Старый священник задержался перед главным алтарем, чтобы преклонить колена, и Куарт услышал короткий, резкий смешок, ничего общего не имеющий с юмором.
– Помочь мне?.. Не знаю, чем может мне помочь такой человек, как вы. – Вставая, он обернулся, чтобы в последний раз взглянуть на Куарта, и его голос эхом отозвался под куполом храма. – Я хорошо знаю таких, как вы… Эта церковь нуждается совсем в иной помощи, которую вы не сможете вытащить из своих драгоценных карманов. А теперь уходите. Мне через двадцать минут крестить.
Грис Марсала проводила его до дверей.

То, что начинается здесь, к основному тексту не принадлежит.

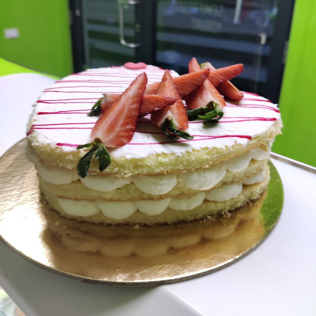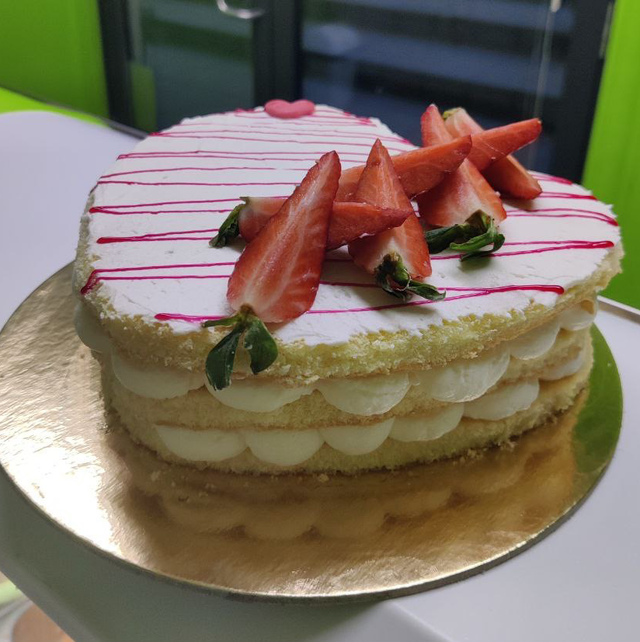 Torta pan di spagna farcita con cream cheese e decorata con fragole fresche.
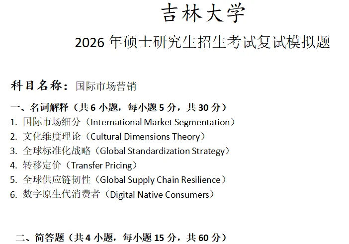 吉林大学国际市场营销考研复试真题模拟含答案

Куарт, призвав на помощь всю свою дисциплинированность и хладнокровие, чтобы не выдать досады и разочарования, выслушал без особого внимания ее попытки оправдать священника. На него сильно давят, говорила архитекторша. Политики, банки и люди архиепископа так и бродят вокруг, как стая волков. Если бы не упрямство отца Ферро, церковь бы уже давно снесли.
– Возможно, в конце концов ее все-таки снесут, – заметил Куарт, давая небольшой выход своим чувствам. – Благодаря ему. И с ним вместе.
– Не говорите так.
Она была права. Ему не следовало говорить подобных вещей. Абсолютно не следовало, упрекнул себя Куарт, вновь обретая самообладание и глубоко вдыхая аромат цветущих апельсиновых деревьев, буквально окутавший обоих, как только они оказались на улице. В уголке, образованном фасадом церкви и стеной соседнего здания, возле бетономешалки, орудовал лопатой рабочий. Куарт рассеянно скользнул по нему взглядом, шагая по площади рядом с архитекторшей.
– Я не понимаю его поведения, – проговорил он. – В конце концов, я на его стороне. Церковь на его стороне.
Грис Марсала иронически глянула на него:
– Какую Церковь вы имеете в виду?.. Римскую? Или архиепископа Севильского? А может быть, самого себя?.. – Она недоверчиво покачала головой. – Нет. Он прав и знает, что прав. На его стороне нет никого.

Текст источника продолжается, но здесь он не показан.